A single choice, one choice that was not his own, had forever changed his life. It could have ruined his life, but instead, it had left a permanent, painful scar.

***

Tom Buckley had perhaps had as normal childhood as any other working-class young boy in south-west England. His parents, Thomas and Mary Buckley were very poor, but young and in love.

Tom had quite happy memories of his father taking him to neighbouring Plymouth to see the tall Navy ships moored to the dock. It had been a marvel for a boy at that age.

His father had worked as a fisherman in their village, and they had lived together as a family in a tiny cottage. Tom remembered looking out over the ocean from their little kitchen window, waiting for his father to come home.

Only one day, he didn't.

The sea had not always been Tom Buckley's home. It had once been his father's killer. Thomas Buckley had drowned during a freak storm, and he and his mother were left heartbroken and destitute.

Tom could not remember much from the months after his father had died. Perhaps he had willed himself to forget it, without only the lingering memories of hunger remaining. With nothing to eat, he was starving. He could remember eating grass once he was so desperate.

But one series of events he did remember very clearly. It was a time that he would never  forget, no matter how hard he tried. Roger Hughes entered his mother's life, and there was food again.

Tom remembered Roger smelled like fish and tobacco. At first, Tom had not cared. His hunger was gone. If his empty stomach was being filled, he did not care what the man whispered to his mother.

Only perhaps he should have. Roger wanted to marry Tom's mother. Only he had one condition.

Roger Hughes had no interest in raising the nine-and-a-half-year-old son of a dead man. Tom was too weak and skinny for labour work, and too young to be taken on as an apprentice, not that Roger would have paid.

Roger's condition was simply this: if Mary wanted him to marry her and take care of her, then her son needed to go.

Tom could still see the conflict in his mother's grey eyes as she considered Roger's proposal. He could still feel the utter betrayal that began to tear his guts apart as she seriously thought about choosing anyone over her own child.

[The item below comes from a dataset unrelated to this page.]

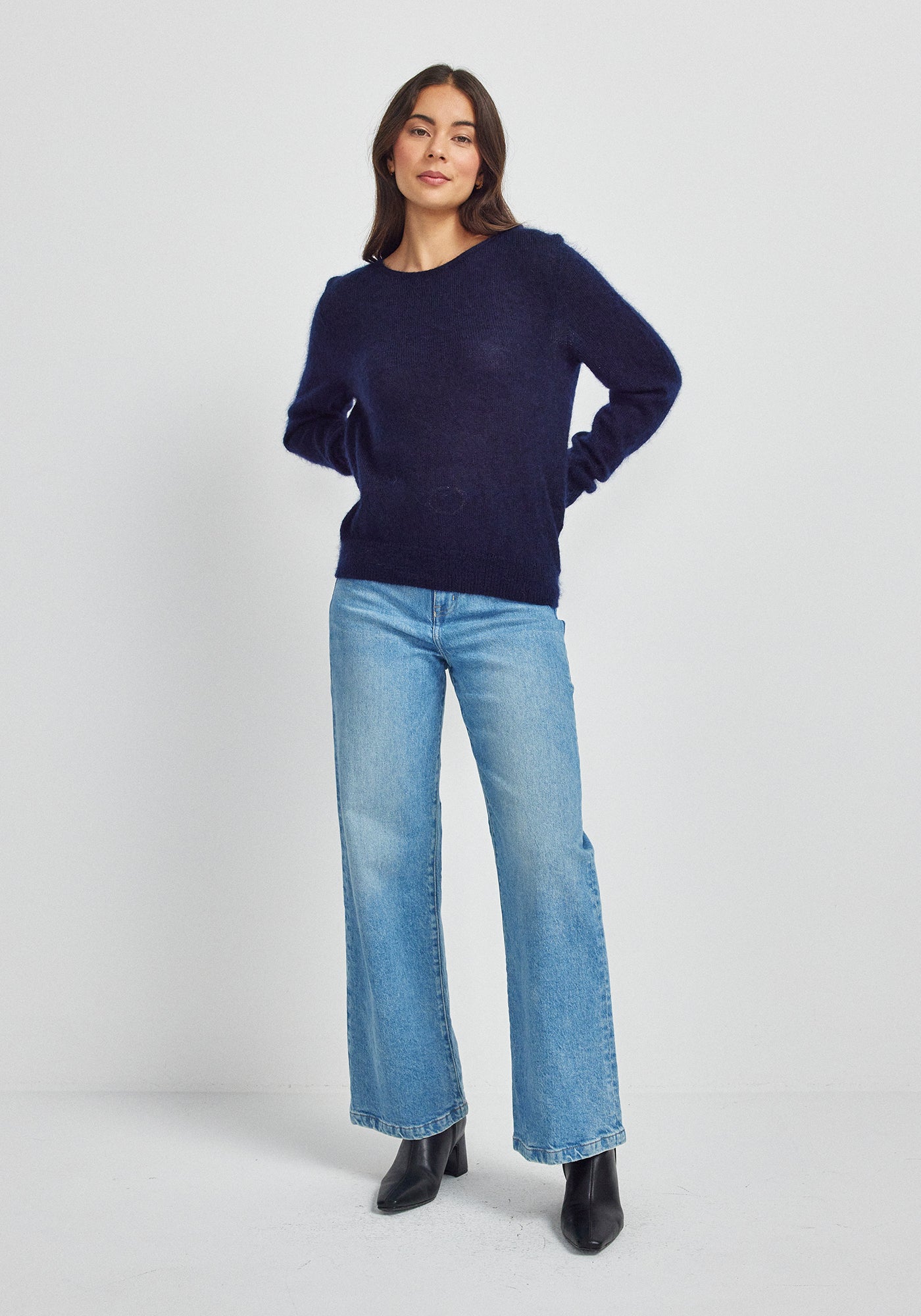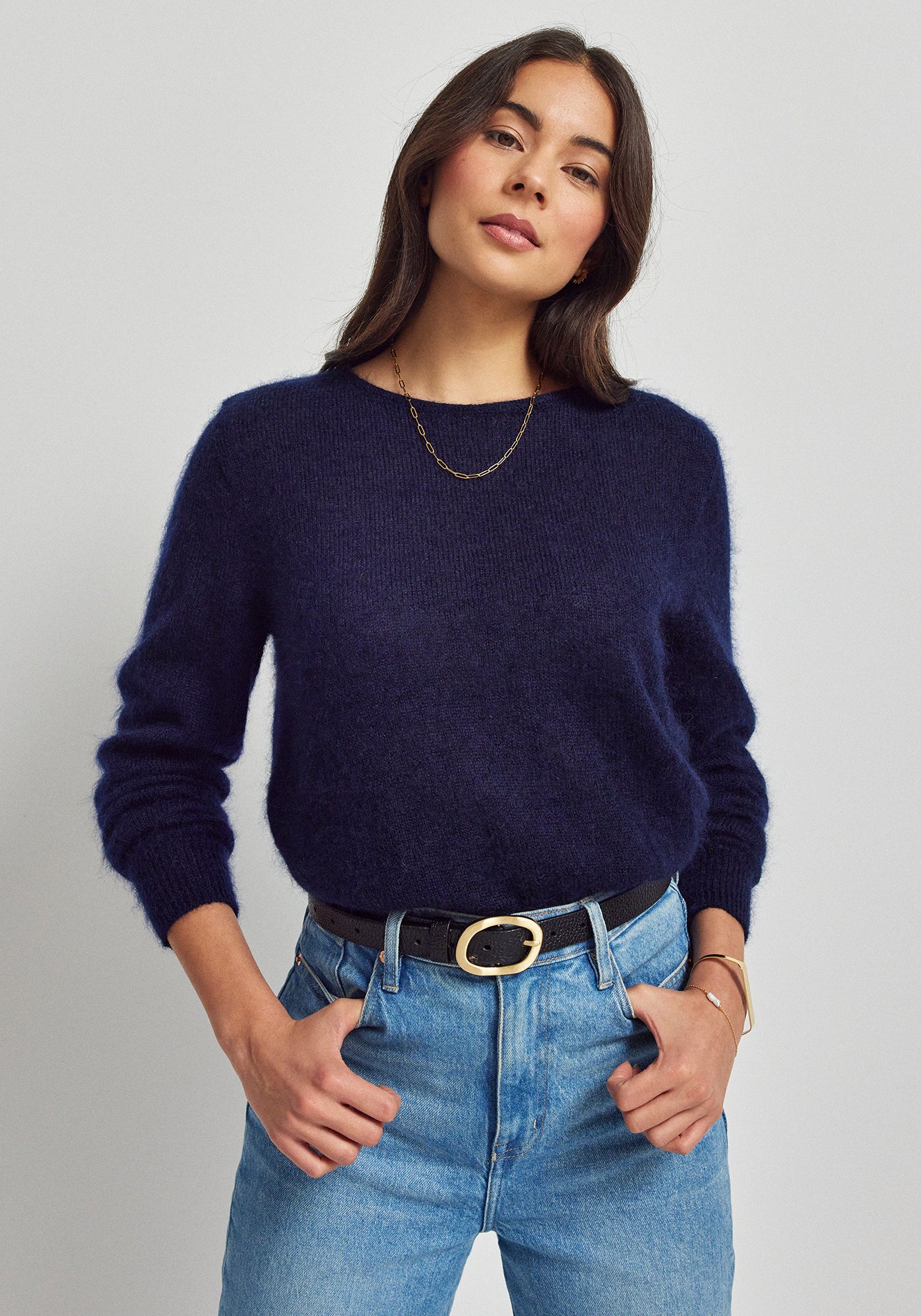 Indulge in luxurious comfort with this exquisitely crafted sweater made from a sumptuous blend of 70% Super Kid Mohair and 30% silk. The crew neck design offers an incredibly soft, cloud-like feel with a subtle lustrous finish. Perfect for both casual occasions and elevated everyday wear.

A week went by and his mother had not said anything, and Tom had stupidly allowed himself to hope. They had not seen Roger, and so he foolishly believed him to be gone. Yes, they would be hungry, but Tom would provide for them. He was the man. He was not too weak to work.

Mary borrowed a horse and cart from a neighbour, and together, mother and son ventured into Plymouth on a sunny summer's day. Still blind with stupidity, Tom believed that his mother was continuing on the tradition that he and his father had had, in going into Plymouth to see the Navy ships.

Mary stopped the cart when they reached the dock, gave Tom a kiss on the forehead, and then told him to get out.

His happiness, his joy, his hope, and his heart, all shattered on that fateful day. Tom had climbed into that cart as a nine-and-a-half-year-old child with a mother and a future and had climbed out of it as nothing but an abandoned boy that nobody wanted.

***

It was nearing twenty years since Tom had been left on that dock, and the pain still hit him like a punch to the gut. It could still bring him to his knees as his insides felt as though they were tearing themselves apart.